Dataset records
[Start of Attachment]

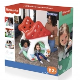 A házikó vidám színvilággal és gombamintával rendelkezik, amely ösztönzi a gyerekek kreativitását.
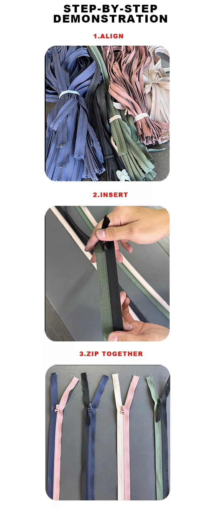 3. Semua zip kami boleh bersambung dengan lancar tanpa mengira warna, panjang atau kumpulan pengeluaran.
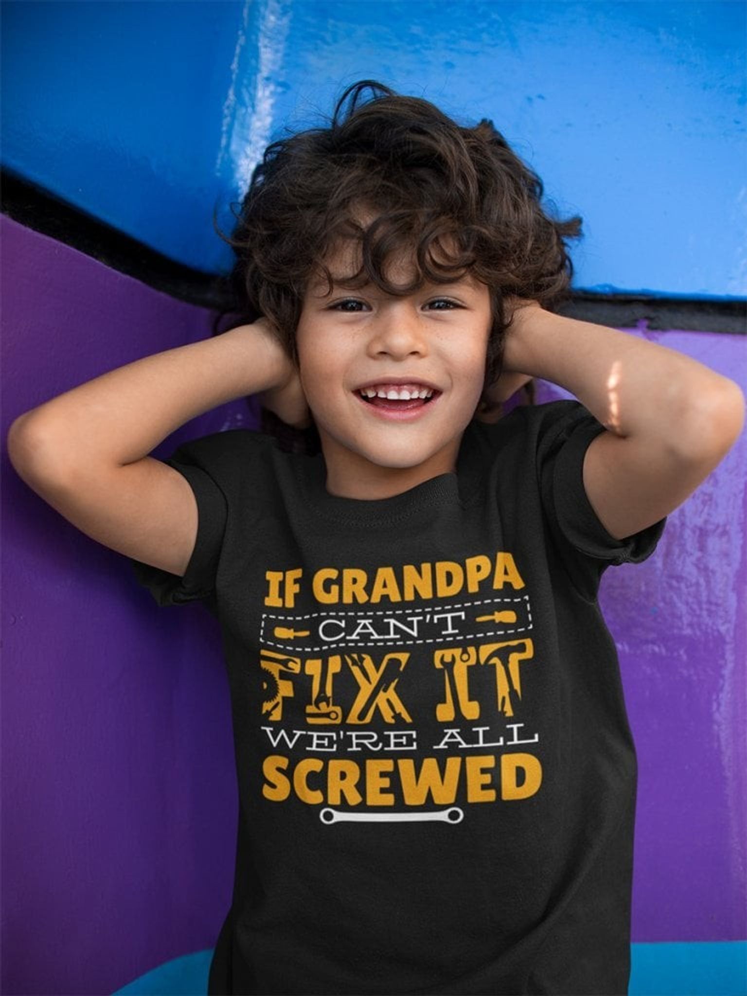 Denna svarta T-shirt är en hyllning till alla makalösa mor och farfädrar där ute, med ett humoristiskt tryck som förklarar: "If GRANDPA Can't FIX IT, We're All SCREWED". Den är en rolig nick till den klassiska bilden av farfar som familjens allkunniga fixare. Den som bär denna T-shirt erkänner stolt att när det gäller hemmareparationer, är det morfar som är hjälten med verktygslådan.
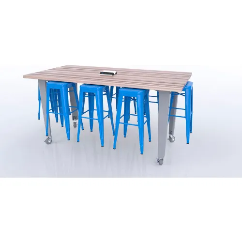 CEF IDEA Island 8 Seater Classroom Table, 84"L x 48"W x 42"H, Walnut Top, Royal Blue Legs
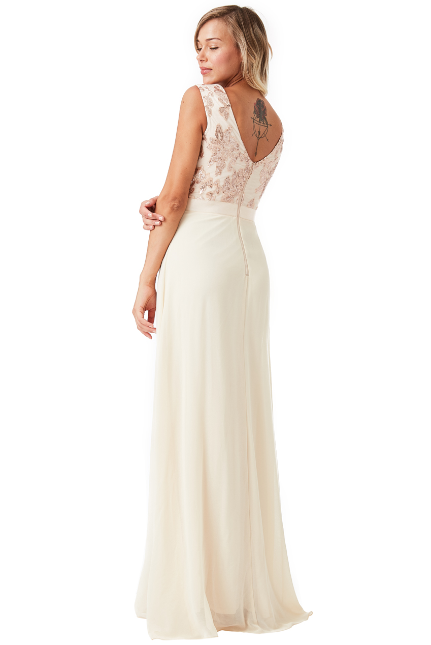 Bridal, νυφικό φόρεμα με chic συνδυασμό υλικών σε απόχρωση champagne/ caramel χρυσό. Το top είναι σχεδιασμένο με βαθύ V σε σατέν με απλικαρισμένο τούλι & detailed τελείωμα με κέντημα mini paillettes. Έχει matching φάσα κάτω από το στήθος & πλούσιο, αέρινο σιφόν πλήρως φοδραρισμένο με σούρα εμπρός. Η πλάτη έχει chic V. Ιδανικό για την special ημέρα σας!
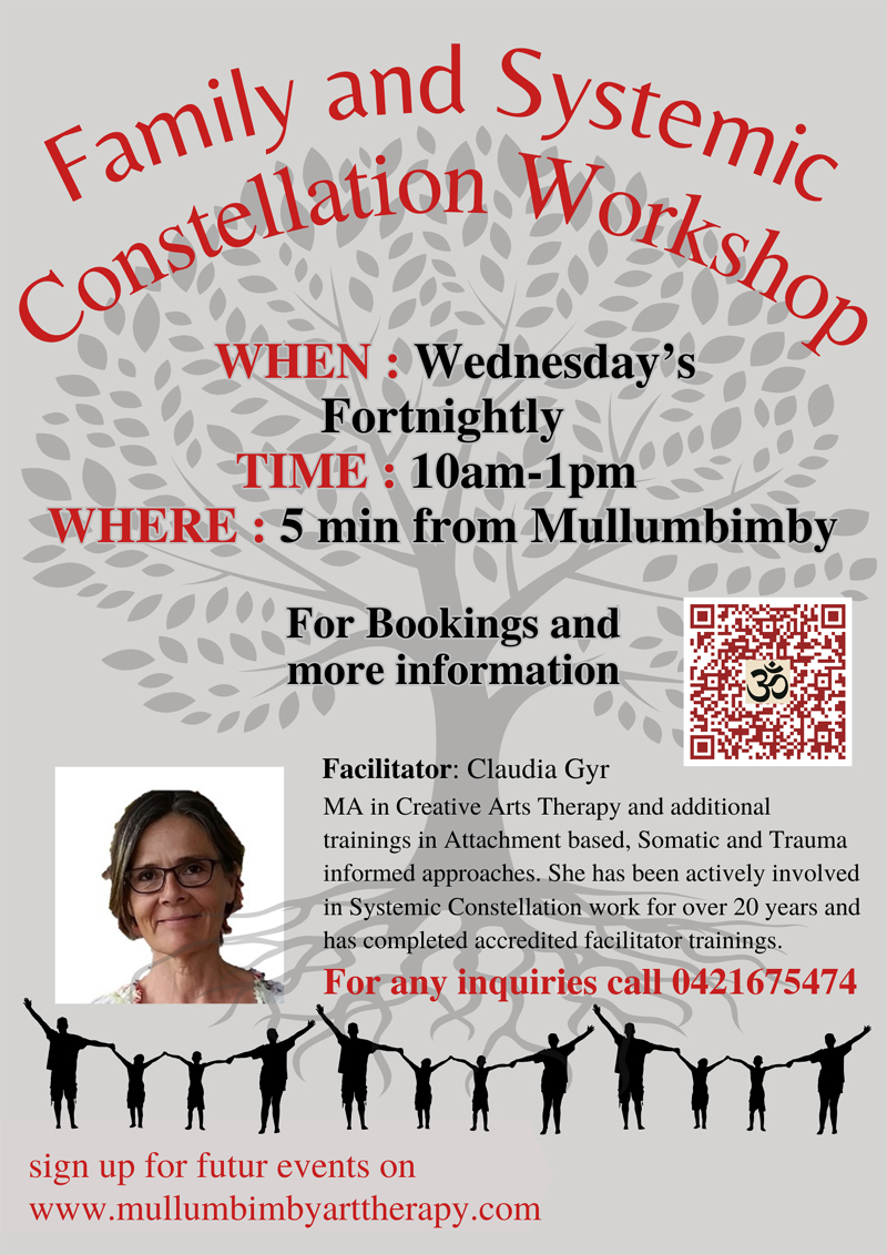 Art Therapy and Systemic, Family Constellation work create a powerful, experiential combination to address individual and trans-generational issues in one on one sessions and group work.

[End of Attachment]

* **What to produce**
Please print the lines above word for word, starting at the one with "Denna svarta T-shirt" and ending at the one with "Bridal, νυφικό φόρεμα", both included, and without any picture.

* **Reply to the task**
 Denna svarta T-shirt är en hyllning till alla makalösa mor och farfädrar där ute, med ett humoristiskt tryck som förklarar: "If GRANDPA Can't FIX IT, We're All SCREWED". Den är en rolig nick till den klassiska bilden av farfar som familjens allkunniga fixare. Den som bär denna T-shirt erkänner stolt att när det gäller hemmareparationer, är det morfar som är hjälten med verktygslådan.
 CEF IDEA Island 8 Seater Classroom Table, 84"L x 48"W x 42"H, Walnut Top, Royal Blue Legs
 Bridal, νυφικό φόρεμα με chic συνδυασμό υλικών σε απόχρωση champagne/ caramel χρυσό. Το top είναι σχεδιασμένο με βαθύ V σε σατέν με απλικαρισμένο τούλι & detailed τελείωμα με κέντημα mini paillettes. Έχει matching φάσα κάτω από το στήθος & πλούσιο, αέρινο σιφόν πλήρως φοδραρισμένο με σούρα εμπρός. Η πλάτη έχει chic V. Ιδανικό για την special ημέρα σας!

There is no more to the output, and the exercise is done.